# Fulcrum Racing 4?



## Chrisct (Jun 3, 2012)

Talk to me about this wheel set? It comes on the Tarmac that I have on layaway, and I just bought a set off eBay for my Secteur. They felt great on my test rides on the Tarmac (though its tough to tell if it was the bike or wheels or both, that felt awesome). It's been snowy and crappy here for the last week and I haven't tested em out on the Secteur. What has your experience been?


----------



## willstylez (Sep 15, 2011)

The Racing 4's came with my 2011 Tarmac Expert. They were a pretty solid wheelset, for stock, in my opinion. I'm nearly 200lbs, but ride fairly nimble. I used them for nearly 10 months, without incident....around 3K miles Then I blew a front spoke going (roughly) 22 mph on a flat, smooth road. The wheel was barely rideable, due to the low spoke count. Luckily I wasn't far from home. Got the wheel fixed and now they are sitting idle, as a backup set. I immediately ordered a handbuilt set, White Industry Hubs / Open Pros / CX-ray spokes (28F / 32 R). Solid so far!


----------



## roadworthy (Nov 11, 2011)

My view is...they should be great wheels. I have two sets of Fulcrum 5's. I honestly considered Fulcrum 3's but the 5's are so good, I don't see the point. To me they are best lower cost wheelset on the market. I am a long time fan of Campy wheels and Fulcrum wheels in particular. According to Fulcrum's service manual, all their wheels are hand built. The 4's I believe are a combination of 5 hubs and 3 rim. 
I have thousands of miles on Campy/Fulcrum wheels and never had a single issue and they literately never go out of true. I am 185 lbs.


----------



## Chrisct (Jun 3, 2012)

I've been happy with the set so far. They are the 3's rim with the 5's hub. 1725g. They are FAR more responsive than the wh-r 500's that came stock on the Secteur. Those are only 200g heavier than the 4's but felt a lot heavier and more sluggish.

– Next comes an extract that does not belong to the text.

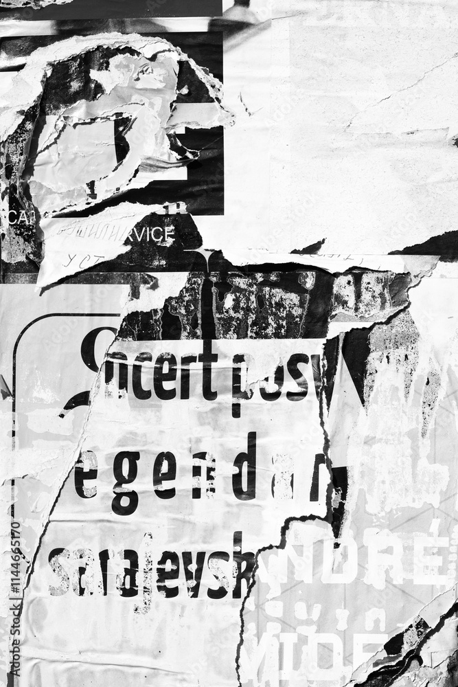 Old ripped torn blank black and white posters textures backgrounds grunge creased crumpled paper vintage collage placards empty space text

I only have a couple hundred miles on them, but so far, so good. I'm looking at a set of the fulcrum racing speed for tri's and crits next season...assuming I get my Sl-3 out of layaway...the 4's will be my training set on both of my bikes.


----------



## bayAreaDude (Apr 13, 2012)

They're not square is about all I liked about them.


----------